Fred Dickson of D.A. Davidson
SOUNDBITE: FRED DICKSON, CHIEF INVESTMENT STRATEGIST, D.A. DAVIDSON (ENGLISH) SAYING:
"I think that there is some communication, misguided communication links within Fed membership. I hope the market at this point kind of sits back and doesn't get jumpy on individual quotes and kind of interprets what the Fed is saying, as you know, the data wasn't quite as good as what we thought it would be. Let's pause, lets see the flow before we come to conclusions."
For the week, both the Dow and the Nasdaq posted gains.
And in Europe - down arrows for the day on the major country indexes - though they did end higher for the week.
Yet another black eye for BlackBerry - BlackBerry warning of a big second quarter loss - a 4,500 job cuts. That's more than a third of its workforce. Shareholders taking a beating - the stock down more than 20 percent at one point on Friday. Analyst Colin Gillis saying " The company has sailed off a cliff. Who wants to commit to a platform that could possibly be shut down."

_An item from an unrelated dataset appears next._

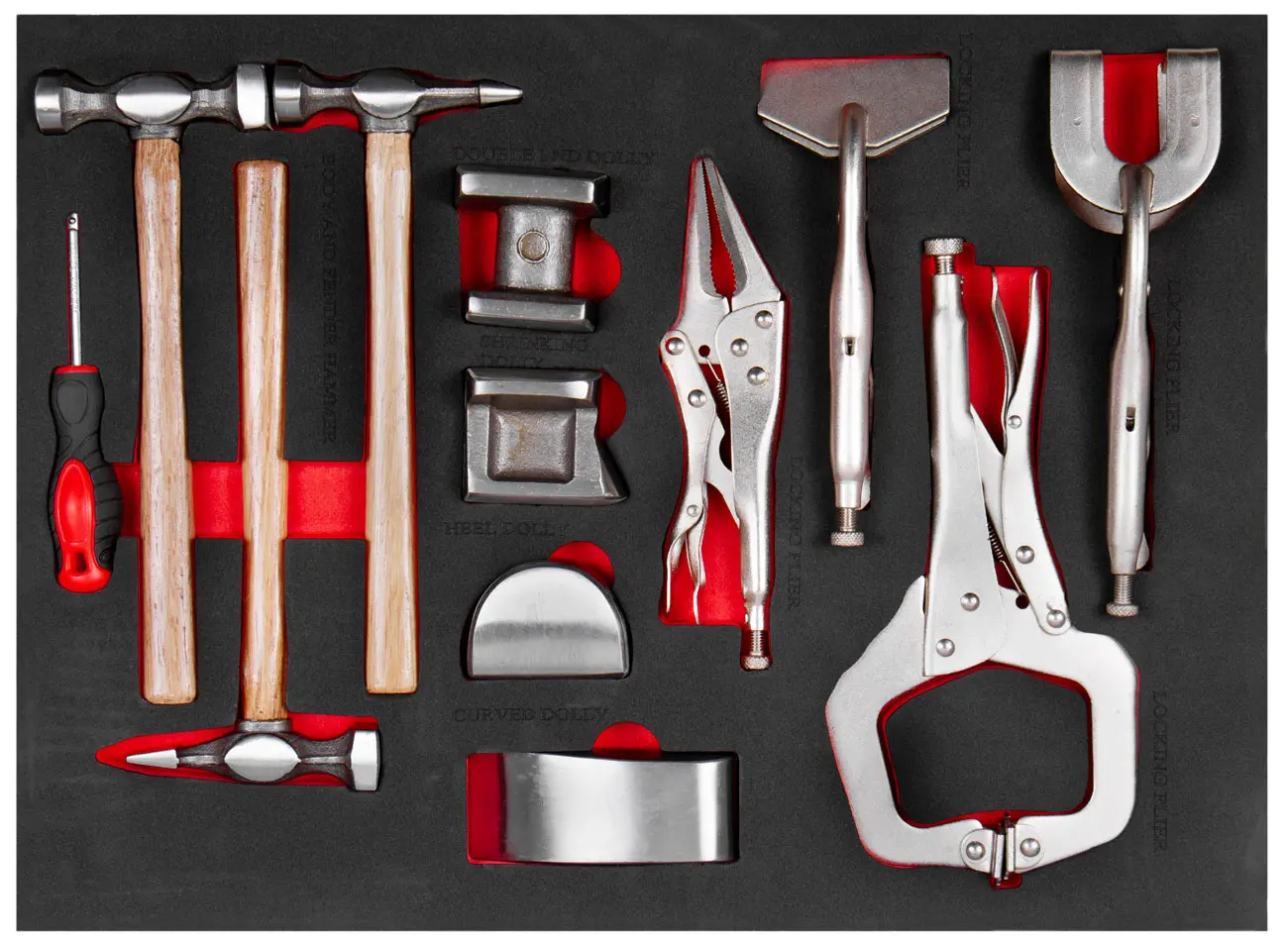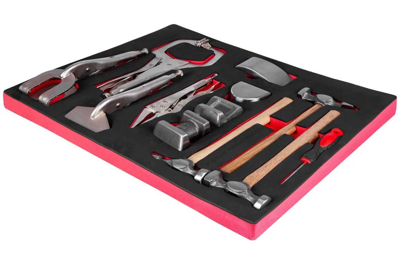 Sada klempiarskych kladív, babiek a zvierok, vhodná na opravy karosérií a klempiarske práce, uložená v prehľadnej penovej výplni.
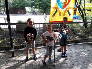 In diesem Jahr wurden die Kinder unserer Sommerferienbetreuung ins Mittelalter entführt. Spektakulärer Ritterkämpfe, Musik und Tanz standen auf dem Programm. In der ersten Woche wurden prachtvolle Steckenpferde und Helme gebastelt. Außerdem konnten sich die Kinder herrlich auf der großen Hüpfburg austoben. Zu einem echten Ritter gehören natürlich auch Schild und Schwert. Diese wurden von den kleinen Knappen in liebevoller Handarbeit in der zweiten Woche hergestellt. Gut ausgestattet ging es dann in die dritte Woche mit den Ritterspielen. Die kleinen Anwärter absolvierten verschiedene Stationen, wie Bogenschießen, Pferderennen oder Lanzenstechen. Auch mit einem selbstgebauten Katapult und Tennisbällen wurde treffsicher ins Ziel geschossen. Einen krönenden Abschluss fanden die Ritterspiele in einer feierlichen Zeremonie, in der die Knappen zum Ritter geschlagen wurden. Viele Eltern wohnten diesem tollen Ereignis bei. Kinderaugen leuchteten, als König Richard Löwenherz (OGS Leitung Karin Scheulen) sein Schwert „Excalibur“ zückte und Ritternamen, wie „der Starke“ oder „die Tapfere“ verkündete.

Rival Apple stock closed down - despite excitement over the launch of their new iPhone 5S and 5C - as pictures of long lines like these circulated around the world. Analysts said first weekend sales would likely be better than sales of the previous generation.
And Darden restaurants left a bad taste for investors - shares were down sharply after the operator Olive Garden and Red Lobster reported dismal quarterly results. It blamed the bad economy - higher taxes and tough competition from rivals like Panera Bread and Chipotle Mexican Grill.